Joe Rampolla, the long-time commentator on AR legal and social issues, has a new article out today on his ARDirt blog called "Stopping the Spread of Ebola through Augmented Reality." It's an interesting piece.
His thesis is that digital eyewear equipped with thermal imaging cameras would offer a much more efficient way to screen travelers for elevated temperatures. This, in turn. would do much more to protect public health than the haphazardly employed touchless thermometers currently being rolled out to select airports. "If my Augmented Reality thermal imaging glasses detect a person with a heat signature of over 99 degrees Fahrenheit," Rampolla notes, "a digital overlay alert pop-up could appear in front of my eyes." Instead of stopping individuals and pointing a thermometer at them, security personnel could simply stroll the halls looking for passersby with elevated heat signatures.

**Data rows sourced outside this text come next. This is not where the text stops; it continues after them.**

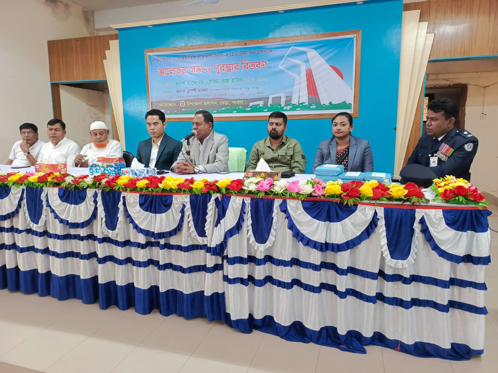 তিনি বলেন, বিশ্বের সঙ্গে তালমিলিয়ে চলে হলে আমাদের অনেক কিছু সেক্রিফাইস করতে হয়। এখন নির্বাচন শেষ হয়েছে। দেশের উন্নয়নে ও জনগণের কল্যানে আমাদের সকলকে মিলেমিশে কাঁধে কাঁধ মিলিযে দেশের সার্থে কাজ করতে হবে। ২১ ফেব্রুয়ারি শনিবার বেলা সাড়ে ১১টায় বেড়া উপজেলা পরিষদ অডিটোরিয়ামে শহীদ দিবস ও আন্তর্জাতিক মাতৃভাষা দিবস-২০২৬ আয়োজিত আলোচনা সভা ও পুরস্কার বিতরন অনুষ্ঠানে সভাপতিত্ব করেন উপজেলা নির্বাহী অফিসার রুনাল্ট চাকমা।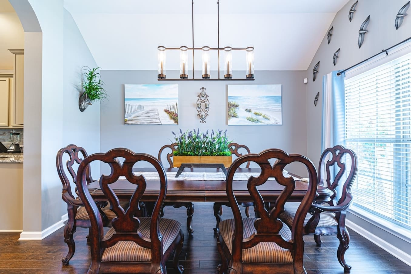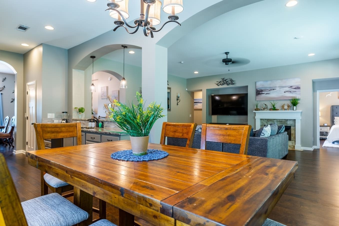 Experience comfort and convenience in this welcoming home located in a peaceful and family-friendly neighborhood. The space features modern finishes, brand-new appliances, and cozy king-sized beds for restful nights. Enjoy entertainment on large smart TVs with fast Wi-Fi, perfect for streaming or work. Step outside to relax on the spacious back patio, take calming strolls around the nearby lake, or let little ones enjoy the playground. Book now and make this space your home away from home.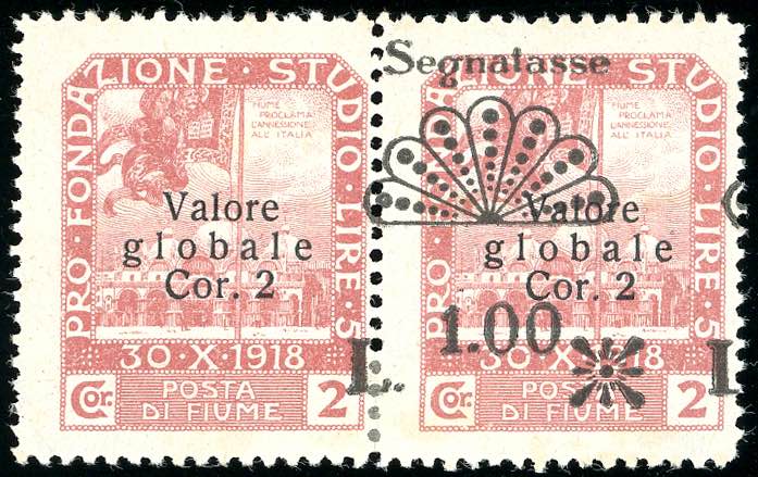 Lot 1963 - FIUME SEGNATASSE 1921 - 1 lira su 2 corone, coppia ...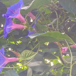 もう二十年以上経つ気がします💙 毎年こぼれ種で、何にでも絡み付いて育つ逞しい朝顔です🤗 今年は一株にだけ、切落しの枝で簡単なオベリスクを作って絡ませてみました🎶 雑草から園芸品に昇格したよう(笑)✨✨
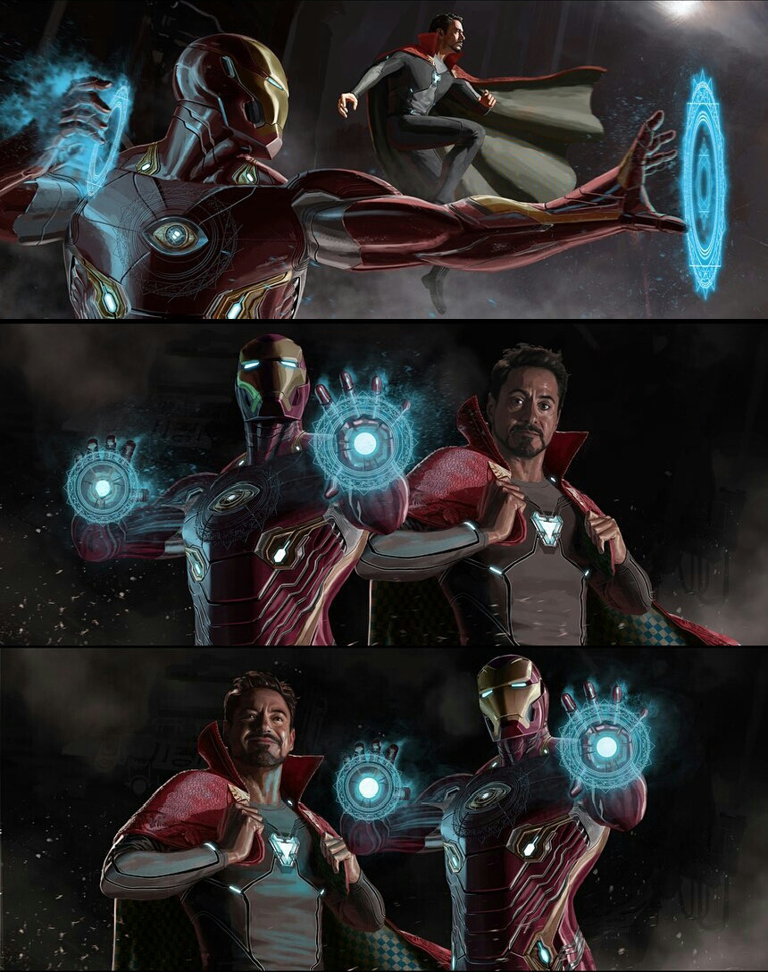 Avengers: Infinity War & Avengers: Endgame had so many alternate concept arts. There were so many alternate versions of certain events that happened in these two films. Endgame had so many different time heists and team-ups in the film final battle. Infinity War also had different team-ups. In one alternate scene that took place on the Q-Ship, Iron Man would’ve saved Doctor Strange from Ebony Maw by making actually making him wear the Mark 50 nano-tech armor. Take a look: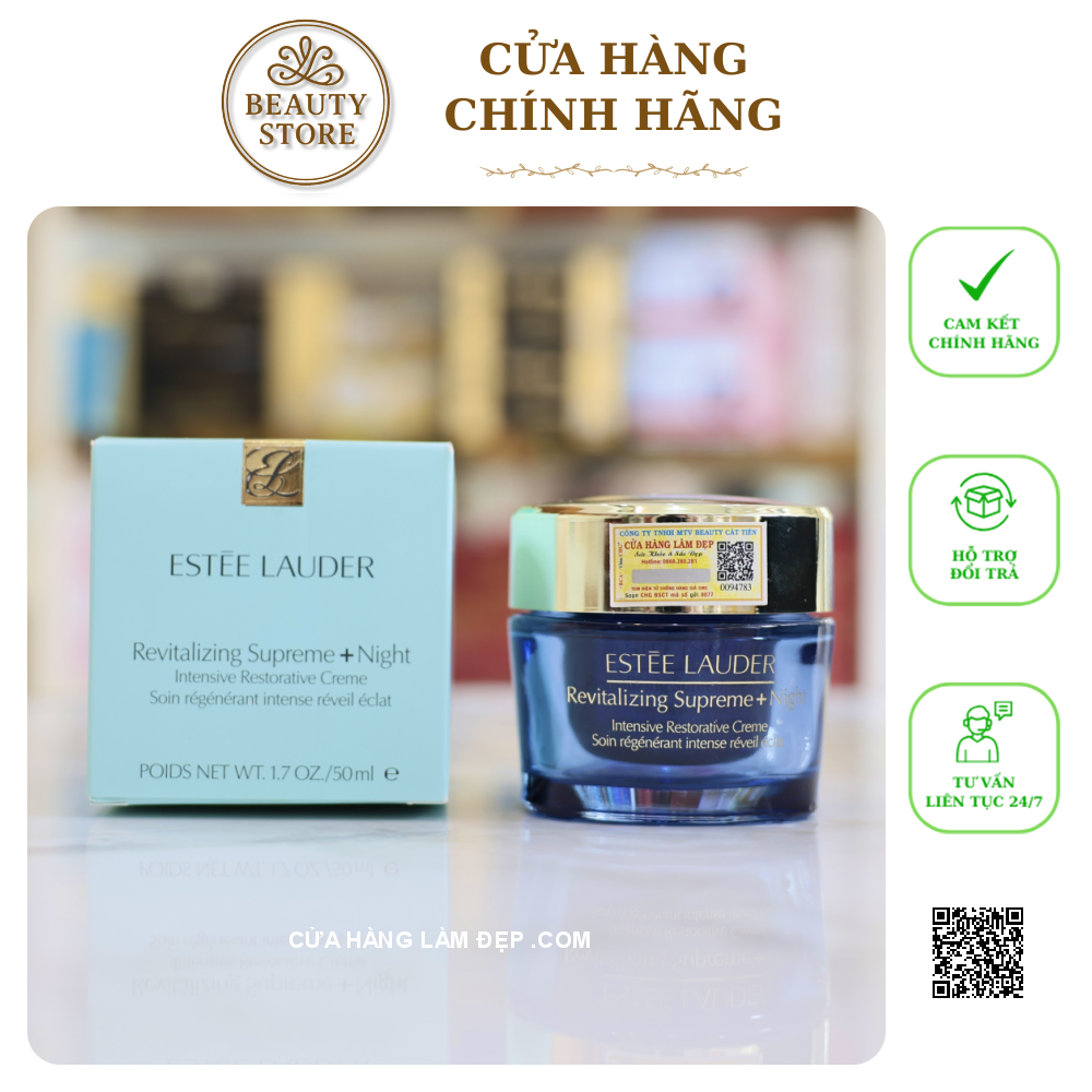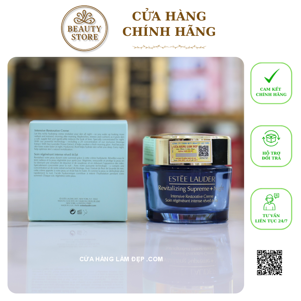 - Kem dưỡng đêm hỗ trợ ngừa lão hóa và phục hồi chuyên sâu Estee Lauder Revitalizing Supreme+ Night Intensive Restorative Creme là kem dưỡng giàu dưỡng chất, độ ẩm cho da và đa tác động với công thức dưỡng đêm chuyên biệt, giúp da bạn săn chắc và giảm thiểu nếp nhăn trong giấc ngủ.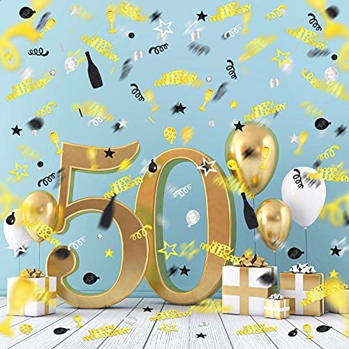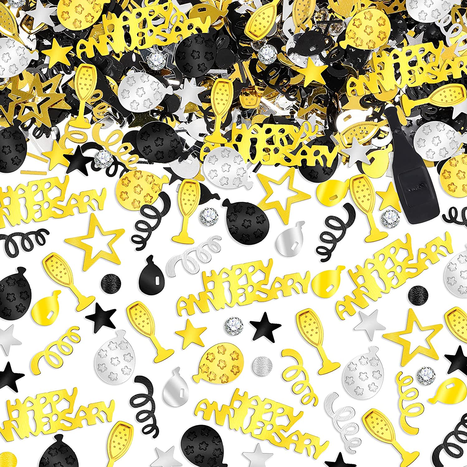 3000 Pieces Happy Anniversary Confetti Anniversary Party Decoration Confetti Metallic Foil Table Decorations Scatter Confetti for Anniversary Party DIY Arts Crafting Supplies (Gold, Silver, Black)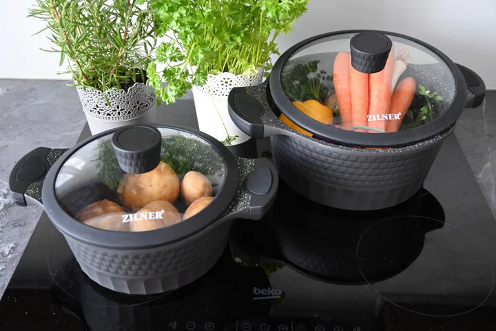 Zestaw garnków ZILNER ZL-8514 z łatwością wprowadzi Cię w świat wygodnego i efektywnego gotowania. Składa się z 3 garnków o optymalnej średnicy i wysokości, patelni oraz rondla co umożliwia komfortowe wkładanie, mieszanie i wykładanie żywności. Dzięki grubemu 5-warstwowemu dnu szybko się nagrzewają i długo utrzymują ciepło, co przekłada się na oszczędność energii i pieniędzy.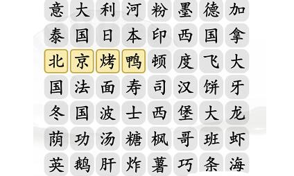 汉字找茬王消除世界美食意大利怎么过?进入汉字找茬王消除世界美食意大利关卡后,横着映入眼帘的有“意大利河粉墨德加”、“泰国日本印西国拿”和“北京烤鸭顿度飞大”等不通顺的句子,竖着看则有“意泰北国冬荫英越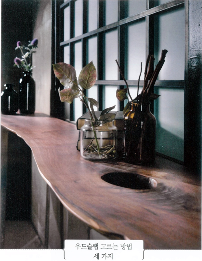 떡판,통판,원목상판 등 다양한 이름으로 불리며 최근인가 높아진 우드슬랩. 아름다운 자연의 디자인에 나무의 새명력이 더해져 공간에 품격을 높이고 사람의 마음에는 위안을 준다. 한 번 들이면 평생 쓰고 대를 잇기도 한다는 우드슬랩, 전문가의 도움을 받아 골라보자.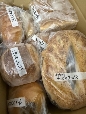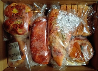 箱の中はたくさんの色々な種類のパンが一杯でびっくり!来年もぜひおいしいパンをお願いしま~す。
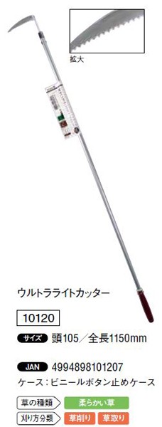 ウルトラライトカッター 頭105/全長1150mm 柔らかい草 草削り 草取り ケース:ビニールボタン止めケース 浅野木工所 10120

Although there aren't any commercially available sets of eyewear that come equipped with thermal cameras, Rampolla argues that the technology is already available and easily adaptable to this use. FLIR One, he notes, has an attachable device for the iPhone 5S that can turn it into a thermal imagine device for $349.99.
One issue Joe doesn't address in this article (although I know it must be on his mind) is privacy. Do individuals walking through an airport or down a sidewalk have a privacy interest in their heat signature? Would thermal scans of pedestrians invade those rights?
The idea is not as novel as it may sound. Back in 2001, the U.S. Supreme Court decided in Kyllo v. United States that police had conducted an unconstitutional search of the defendant's home when they used thermal scanners to scan the heat signature of the defendant's home from a public street.
Whether Kyllo applies to the technology Rampolla proposes may hinge on the significance of the pedestrians' choice to take themselves (and thus theri heat signatures) out of their private homes and into the public sphere. This question parallels the conversations currently underway about facial recognition technology. Those who object to the use of facial recognition in public assert a "right to remain anonymous in public." The trouble is that the law has never actually recognized such a right. The anonymity we usually enjoy in public places has been a function of practical constraints rather than legal safeguards.
The obvious security concerns surrounding mass transit also weight heavily against an assertion of privacy rights here. Travelers are already forced to submit to TSA body scans and random pat-downs. Already, those same security personnel are beginning to use touchless thermometers to verify temperature, and international travelers ar required by law to answer questions about their health truthfully. It is difficult to see how hands-free scanning of travelers' temperature is any more invasive, as long as the scan takes place in public.